The term "Sybil" originates from a case study of dissociative identity disorder, detailing an individual with 16 distinct personalities. This mirrors the behavior of Sybil attacks, where a single real-world controller impersonates numerous independent participants within the blockchain context.
In centralized systems, identifying Sybil attacks is often straightforward through tracking factors like identical IP addresses, devices, or multi-account operations. However, Web3 environments offer attackers natural camouflage:
- •Infinite address generation is possible.
- •No phone number or ID verification is required.
- •Real-world identity binding is unnecessary.
- •Wallets are free to create.
- •Nodes can be faked.
- •Behavior can be scripted.
These factors significantly reduce the cost and difficulty of launching Sybil attacks, making them the most pervasive and hidden security threats in Web3.
Why Sybil Attacks Constitute "Structural Damage" to Blockchain Systems
The potency of Sybil attacks stems not from the attacker's strength but from a fundamental assumption in blockchain systems: the prevalence of a "majority of honest participants." When attackers achieve majority status through the creation of numerous fake identities, the system's balance is compromised.
1. Damage to Consensus Mechanisms (Especially PoA, DAG, DPoS)
Certain consensus mechanisms assign trust levels to nodes based on the number of identities they control. By creating a large number of nodes, an attacker can gain majority voting power and control system decisions.
While Proof-of-Work (PoW) and Proof-of-Stake (PoS) are more resilient to direct Sybil attacks due to their inherent costs, light-client networks, Directed Acyclic Graphs (DAGs), sidechains, and some Layer 2 (L2) solutions remain vulnerable.
2. Damage to Governance Systems (DAOs, Voting, Proposals)
Common issues in governance frameworks include:
- •Amassing voting power through numerous identities.
- •Impersonating community members to influence proposals.
- •Creating a false impression of community consensus using multiple identities.
Manipulation of the governance system can render a Decentralized Autonomous Organization (DAO) effectively powerless.
3. Shock to Airdrop Models
Airdrops are intended to reward genuine early users.

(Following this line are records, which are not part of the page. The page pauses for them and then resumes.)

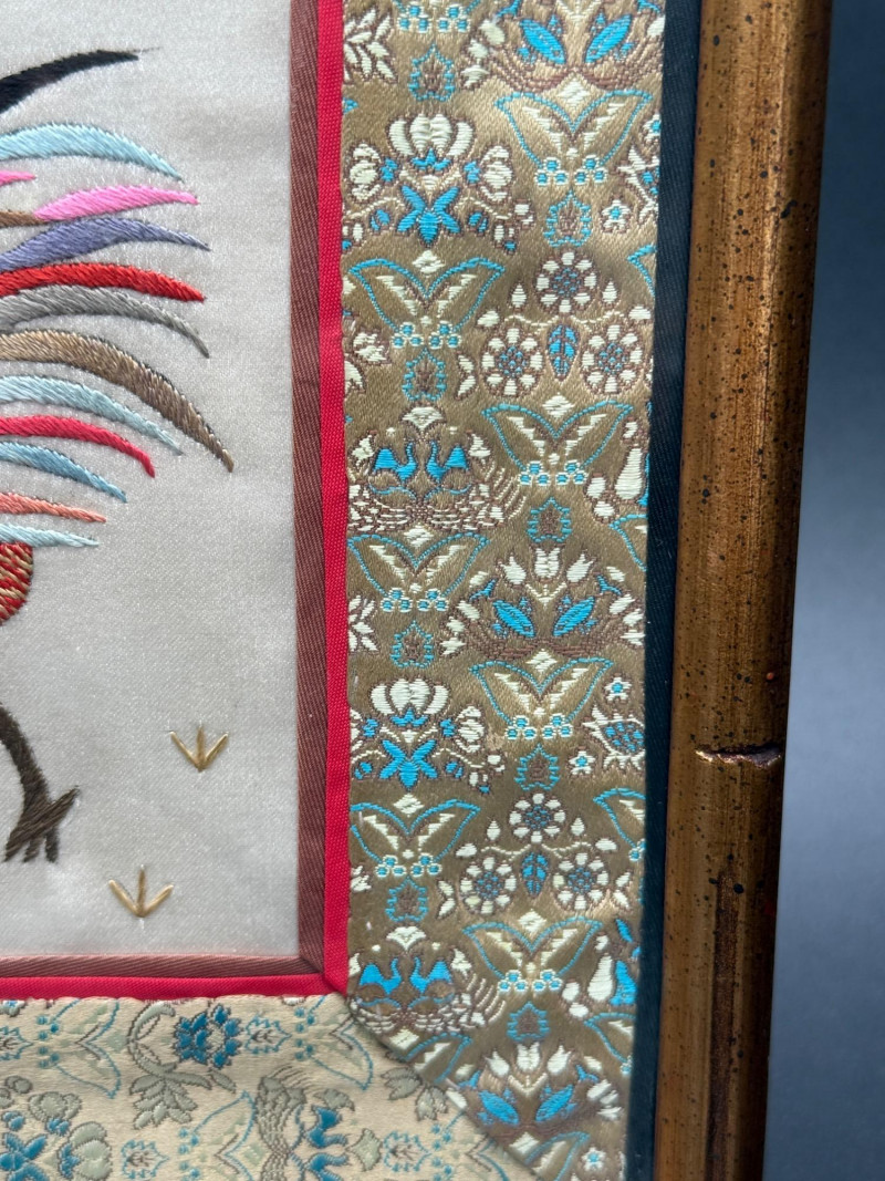 Lot # 142 - Embroidered Rooster Frame, Chinese Hua Rong Plate, and Duck Figure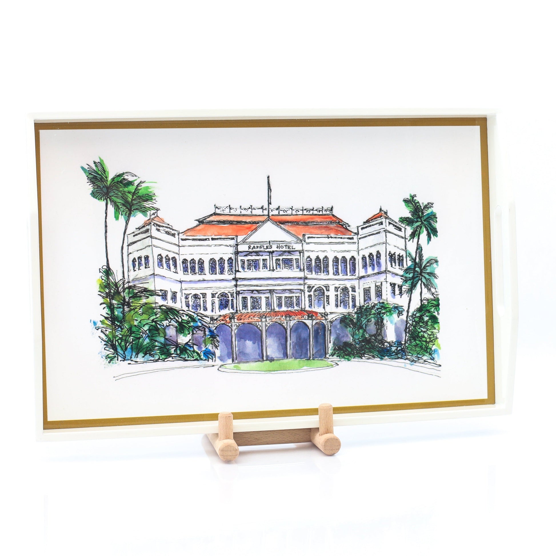 This white lacquer tray manufactured in Vietnam is a show-stopping piece for your home, and it is made to last. It will make a fabulous timeless gift—be it a welcome, leaving, or special occasion gift. The illustration on the tray is that of the world famous Raffles Hotel. The detailing of this beautiful building is beautifully captured here.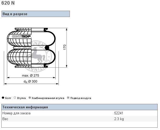 Пневморессора двойная 620N IVECO Magirus/BPW/MAN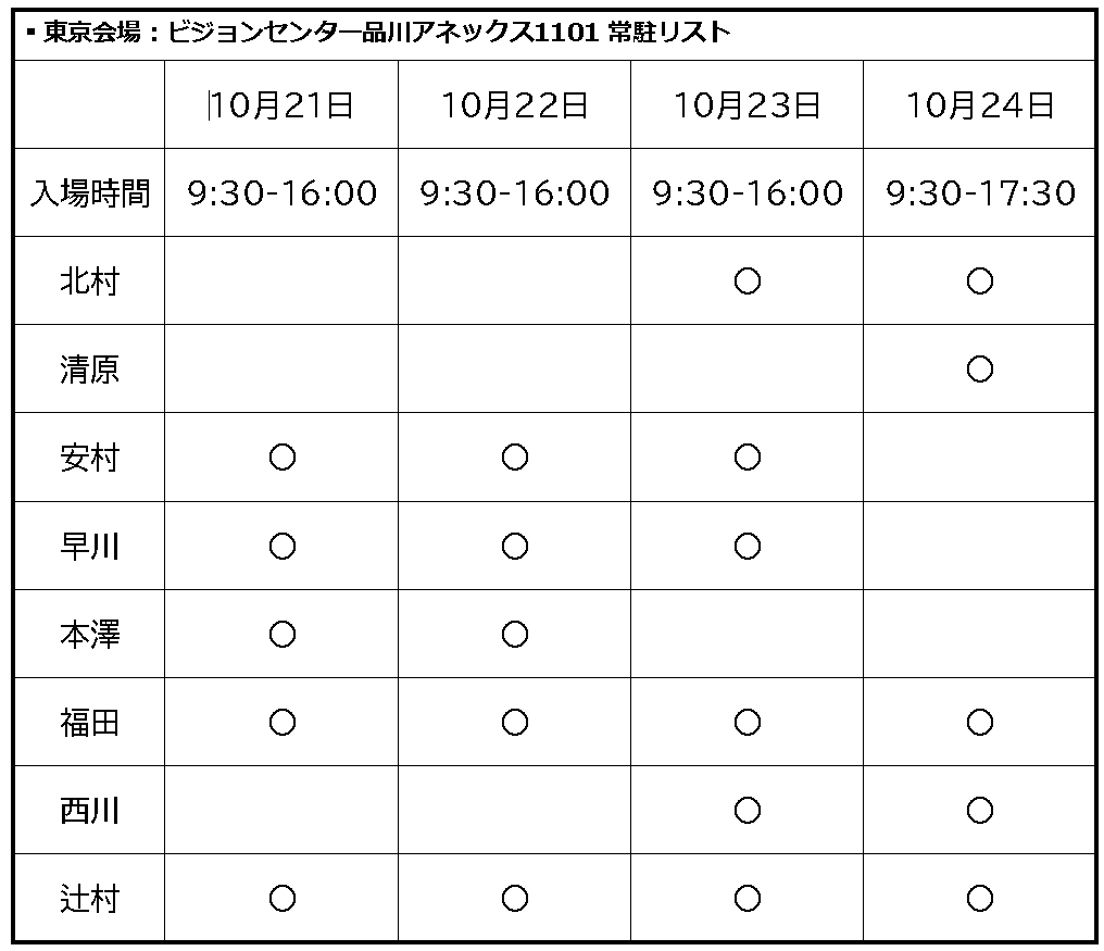 ※大阪会場につきましては、10/30(木)までに公開いたします。

However, the presence of numerous Sybil participants allows individuals to:
- •Pose as thousands of users with as many addresses.
- •Perform batch interactions and tasks, ultimately claiming a significant portion of the airdrop allocation (30-60%).
This phenomenon contributes to project failures, as airdrop rewards are diverted from real users to script farms, diminishing incentives for legitimate participants.
4. Pollution of Data Metrics (On-Chain Data No Longer Reliable)
Sybil attacks can severely distort key project metrics such as Total Value Locked (TVL), address count, and transaction volume:
- •A single individual using scripts can generate thousands of active addresses.
- •TVL can be artificially inflated through recursive collateral loops.
- •Transaction volume can be endlessly "farmed" via scripts.
This creates a significant industry challenge: increased data does not always equate to increased accuracy; it may simply reflect inflated "fake prosperity."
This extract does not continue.